WHAT NEEDS TO BE DONE ->
Beneath this instruction is a listing. Transcribe from it only the stretch from the line with "7.「曲名.html」と名前を付けて保存。(曲名.txtとしないこと)" through the line with "Ein Vorschlag mit", both end lines included, exactly as written.

DATA ->
○ ○ ○ ○

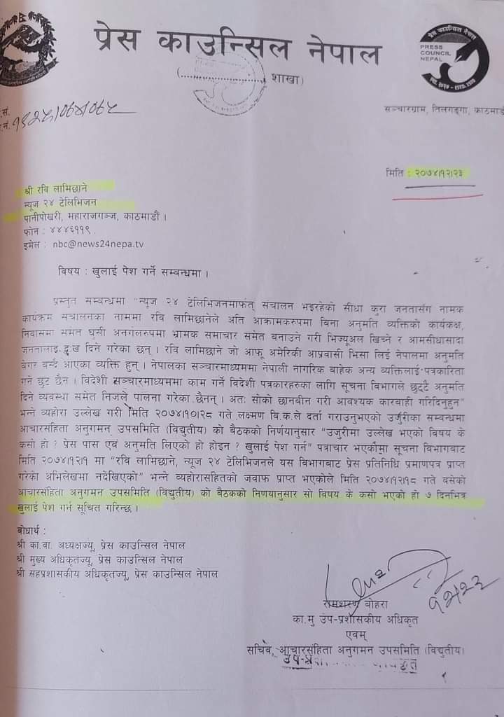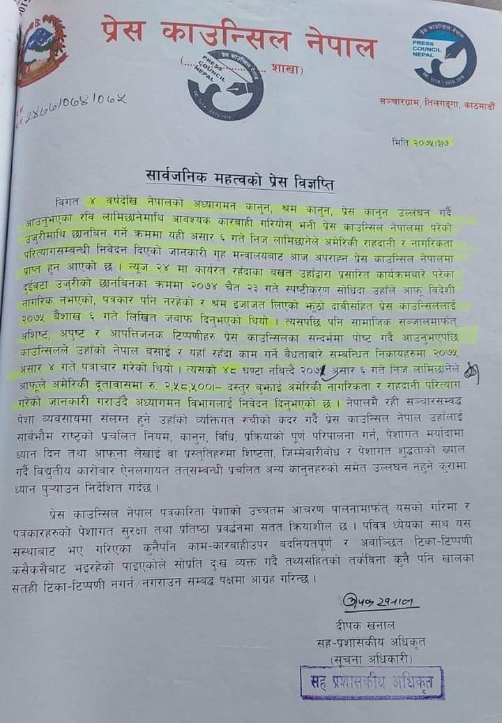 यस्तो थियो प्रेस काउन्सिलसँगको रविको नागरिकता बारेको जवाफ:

○ ○ ○ ○

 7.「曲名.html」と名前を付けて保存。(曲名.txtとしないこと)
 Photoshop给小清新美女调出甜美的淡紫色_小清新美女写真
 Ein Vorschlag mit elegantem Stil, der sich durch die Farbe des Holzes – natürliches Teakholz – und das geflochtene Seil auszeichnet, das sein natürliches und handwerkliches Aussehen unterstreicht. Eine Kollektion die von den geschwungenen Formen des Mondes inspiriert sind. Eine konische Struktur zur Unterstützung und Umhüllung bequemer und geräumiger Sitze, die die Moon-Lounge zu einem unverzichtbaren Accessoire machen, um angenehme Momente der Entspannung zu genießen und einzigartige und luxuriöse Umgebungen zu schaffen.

○ ○ ○ ○

ANSWER TO THE PROBLEM ->
 7.「曲名.html」と名前を付けて保存。(曲名.txtとしないこと)
 Photoshop给小清新美女调出甜美的淡紫色_小清新美女写真
 Ein Vorschlag mit elegantem Stil, der sich durch die Farbe des Holzes – natürliches Teakholz – und das geflochtene Seil auszeichnet, das sein natürliches und handwerkliches Aussehen unterstreicht. Eine Kollektion die von den geschwungenen Formen des Mondes inspiriert sind. Eine konische Struktur zur Unterstützung und Umhüllung bequemer und geräumiger Sitze, die die Moon-Lounge zu einem unverzichtbaren Accessoire machen, um angenehme Momente der Entspannung zu genießen und einzigartige und luxuriöse Umgebungen zu schaffen.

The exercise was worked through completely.